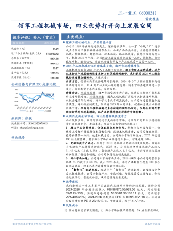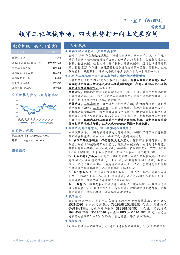 【华安证券】【20240911】三一重工(600031)领军工程机械市场,四大优势打开向上发展空间-32页
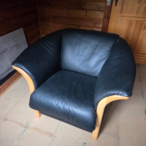 Manhattan stressless 3 personers sofa i sort læder rigtig pæn stand træsort bøg natur ubehandlet.
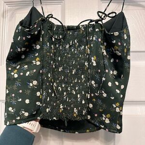 This elegant green camisole top features a delicate floral pattern and tie strap detail with smocking and a zipper. Perfect to dress up or down during the warmer months. In perfect condition. Color is accurate in stock photos.
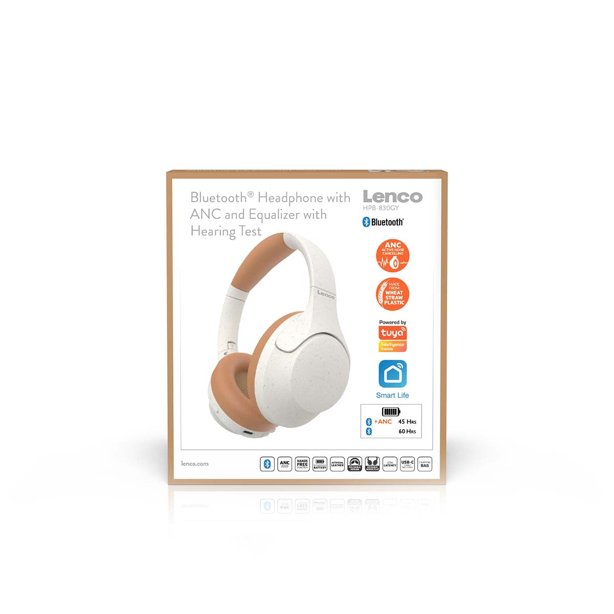 LENCO HPB-830GY - Draadloze Bluetooth® koptelefoon met Active Noise Cancelling en ingebouwde microfoons - Grijs/Wit
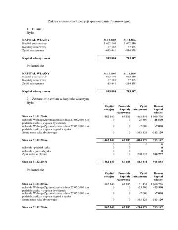 Zakres zmienionych pozycji sprawozdania finansowego: 1. Bilans Było KAPITAŁ WŁASNY Kapitał podstawowy Kapitały rezerwowe Zyski zatrzymane 31.12.2007 31.12.2006 1 462 140 67 185 -613 441 1 462 140 67 185 -814 178 Kapitał własny razem 915 884 715 147 KAPITAŁ WŁASNY Kapitał podstawowy Kapitały rezerwowe Zyski zatrzymane 31.12.2007 31.12.2006 862 140 67 185 -13 441 862 140 67 185 -214 178 Kapitał własny razem 915 884 715 147 Po korekcie 2. Zestawienie zmian w kapitale własnym Było Kapitał akcyjny Pozostałe Zyski kapitały zatrzymane rezerwowe Razem kapitał własny Stan na 01.01.2006r. uchwała Walnego Zgromadzenia z dnia 27.05.2006 r. o podziale zysku - wypłata dywidendy uchwała Walnego Zgromadzenia z dnia 27.05.2006 r. o podziale zysku - wypłata nagród z zysku Strata netto roku obrotowego 1 462 140 0 67 185 0 -468 549 -25 500 1 060 776 -25 500 0 0 -7 000 -7 000 0 0 -313 129 -313 129 Stan na 31.12.2006r. 1 462 140 67 185 -814 178 715 147 0 0 0 0 0 0 0 0 0 200 737 0 0 0 200 737 1 462 140 67 185 -613 441 915 884 Pozostałe Zyski kapitały zatrzymane rezerwowe Razem kapitał własny uchwała -podział zysku uchwała - podział zysku Zysk netto w okresie Stan na 31.12.2007r Po korekcie Kapitał akcyjny Stan na 01.01.2006r. uchwała Walnego Zgromadzenia z dnia 27.05.2006 r. o podziale zysku - wypłata dywidendy uchwała Walnego Zgromadzenia z dnia 27.05.2006 r. o podziale zysku - wypłata nagród z zysku Strata netto roku obrotowego 862 140 0 67 185 0 131 451 -25 500 1 060 776 -25 500 0 0 -7 000 -7 000 0 0 -313 129 -313 129 Stan na 31.12.2006r. 862 140 67 185 -214 178 715 147 0 0 0 0 0 0 0 0 200 737 0 0 0 200 737 862 140 67 185 -13 441 915 884 uchwała -podział zysku uchwała - podział zysku Zysk netto w okresie Stan na 31.12.2007r 3. Nota 17. Kapitał zakładowy Było 31.12.2007 31.12.2006 Wartość na początek okresu, a w tym: - kapitał w wartości nominalnej (zarejestrowany) 750 000 750 000 - przeszacowanie kapitału w związku z hiperinflacją (nota 5.3) 712 140 712 140 1 462 140 1 462 140 1 462 140 1 462 140 Zmiany kapitału w okresie Wartość a koniec okresu Po korekcie Wartość na początek okresu, a w tym: - kapitał w wartości nominalnej (zarejestrowany) - przeszacowanie kapitału w związku z hiperinflacją (nota 5.3) 31.12.2007 31.12.2006 750 000 112 140 750 000 112 140 862 140 862 140 862 140 862 140 Zmiany kapitału w okresie Wartość a koniec okresu 4. Nota 18 a). Pozostałe kapitały. Zyski zatrzymane Było 31.12.2007 31.12.2006 Zyski zatrzymane, w tym: Kapitał zapasowy Przeszacowanie hiperinflacyjne kapitału zapasowego -613 441 229 840 291 035 -814 178 229 840 291 035 Łączna kwota korekt Wynik lat ubiegłych Wynik finansowy netto bieżącego okresu -954 628 -380 425 200 737 -954 628 -67 296 -313 129 Po korekcie 31.12.2007 31.12.2006 Zyski zatrzymane, w tym: Kapitał zapasowy Przeszacowanie hiperinflacyjne kapitału zapasowego -13 441 229 840 45 829 -214 178 229 840 45 829 Łączna kwota korekt Wynik lat ubiegłych Wynik finansowy netto bieżącego okresu -109 422 -380 425 200 737 -109 422 -67 296 -313 129 0 5. Nota 18. c) Pozostałe kapitały ograniczenia związane z kapitałem Było (…)Efekt przeliczenia tego wkładu w wysokości 291 035 tys. zł ujęto w ogólnej grupie korekt związanych z przejściem na MSR/MSSF (przeszacowanie hiperinflacyjne nie ma wpływu na łączną wartość kapitałów własnych Spółki). Po korekcie (…)Efekt przeliczenia tego wkładu w wysokości 45 829 tys. zł ujęto w ogólnej grupie korekt związanych z przejściem na MSR/MSSF (przeszacowanie hiperinflacyjne nie ma wpływu na łączną wartość kapitałów własnych Spółki).

•••••

> _TASK PROMPT_:
The material must be restated verbatim. Its pictures must be omitted.

> _RESULT FOR THIS EXERCISE_:
 【华安证券】【20240911】三一重工(600031)领军工程机械市场,四大优势打开向上发展空间-32页
 Manhattan stressless 3 personers sofa i sort læder rigtig pæn stand træsort bøg natur ubehandlet.
 This elegant green camisole top features a delicate floral pattern and tie strap detail with smocking and a zipper. Perfect to dress up or down during the warmer months. In perfect condition. Color is accurate in stock photos.
 LENCO HPB-830GY - Draadloze Bluetooth® koptelefoon met Active Noise Cancelling en ingebouwde microfoons - Grijs/Wit
 Zakres zmienionych pozycji sprawozdania finansowego: 1. Bilans Było KAPITAŁ WŁASNY Kapitał podstawowy Kapitały rezerwowe Zyski zatrzymane 31.12.2007 31.12.2006 1 462 140 67 185 -613 441 1 462 140 67 185 -814 178 Kapitał własny razem 915 884 715 147 KAPITAŁ WŁASNY Kapitał podstawowy Kapitały rezerwowe Zyski zatrzymane 31.12.2007 31.12.2006 862 140 67 185 -13 441 862 140 67 185 -214 178 Kapitał własny razem 915 884 715 147 Po korekcie 2. Zestawienie zmian w kapitale własnym Było Kapitał akcyjny Pozostałe Zyski kapitały zatrzymane rezerwowe Razem kapitał własny Stan na 01.01.2006r. uchwała Walnego Zgromadzenia z dnia 27.05.2006 r. o podziale zysku - wypłata dywidendy uchwała Walnego Zgromadzenia z dnia 27.05.2006 r. o podziale zysku - wypłata nagród z zysku Strata netto roku obrotowego 1 462 140 0 67 185 0 -468 549 -25 500 1 060 776 -25 500 0 0 -7 000 -7 000 0 0 -313 129 -313 129 Stan na 31.12.2006r. 1 462 140 67 185 -814 178 715 147 0 0 0 0 0 0 0 0 0 200 737 0 0 0 200 737 1 462 140 67 185 -613 441 915 884 Pozostałe Zyski kapitały zatrzymane rezerwowe Razem kapitał własny uchwała -podział zysku uchwała - podział zysku Zysk netto w okresie Stan na 31.12.2007r Po korekcie Kapitał akcyjny Stan na 01.01.2006r. uchwała Walnego Zgromadzenia z dnia 27.05.2006 r. o podziale zysku - wypłata dywidendy uchwała Walnego Zgromadzenia z dnia 27.05.2006 r. o podziale zysku - wypłata nagród z zysku Strata netto roku obrotowego 862 140 0 67 185 0 131 451 -25 500 1 060 776 -25 500 0 0 -7 000 -7 000 0 0 -313 129 -313 129 Stan na 31.12.2006r. 862 140 67 185 -214 178 715 147 0 0 0 0 0 0 0 0 200 737 0 0 0 200 737 862 140 67 185 -13 441 915 884 uchwała -podział zysku uchwała - podział zysku Zysk netto w okresie Stan na 31.12.2007r 3. Nota 17. Kapitał zakładowy Było 31.12.2007 31.12.2006 Wartość na początek okresu, a w tym: - kapitał w wartości nominalnej (zarejestrowany) 750 000 750 000 - przeszacowanie kapitału w związku z hiperinflacją (nota 5.3) 712 140 712 140 1 462 140 1 462 140 1 462 140 1 462 140 Zmiany kapitału w okresie Wartość a koniec okresu Po korekcie Wartość na początek okresu, a w tym: - kapitał w wartości nominalnej (zarejestrowany) - przeszacowanie kapitału w związku z hiperinflacją (nota 5.3) 31.12.2007 31.12.2006 750 000 112 140 750 000 112 140 862 140 862 140 862 140 862 140 Zmiany kapitału w okresie Wartość a koniec okresu 4. Nota 18 a). Pozostałe kapitały. Zyski zatrzymane Było 31.12.2007 31.12.2006 Zyski zatrzymane, w tym: Kapitał zapasowy Przeszacowanie hiperinflacyjne kapitału zapasowego -613 441 229 840 291 035 -814 178 229 840 291 035 Łączna kwota korekt Wynik lat ubiegłych Wynik finansowy netto bieżącego okresu -954 628 -380 425 200 737 -954 628 -67 296 -313 129 Po korekcie 31.12.2007 31.12.2006 Zyski zatrzymane, w tym: Kapitał zapasowy Przeszacowanie hiperinflacyjne kapitału zapasowego -13 441 229 840 45 829 -214 178 229 840 45 829 Łączna kwota korekt Wynik lat ubiegłych Wynik finansowy netto bieżącego okresu -109 422 -380 425 200 737 -109 422 -67 296 -313 129 0 5. Nota 18. c) Pozostałe kapitały ograniczenia związane z kapitałem Było (…)Efekt przeliczenia tego wkładu w wysokości 291 035 tys. zł ujęto w ogólnej grupie korekt związanych z przejściem na MSR/MSSF (przeszacowanie hiperinflacyjne nie ma wpływu na łączną wartość kapitałów własnych Spółki). Po korekcie (…)Efekt przeliczenia tego wkładu w wysokości 45 829 tys. zł ujęto w ogólnej grupie korekt związanych z przejściem na MSR/MSSF (przeszacowanie hiperinflacyjne nie ma wpływu na łączną wartość kapitałów własnych Spółki).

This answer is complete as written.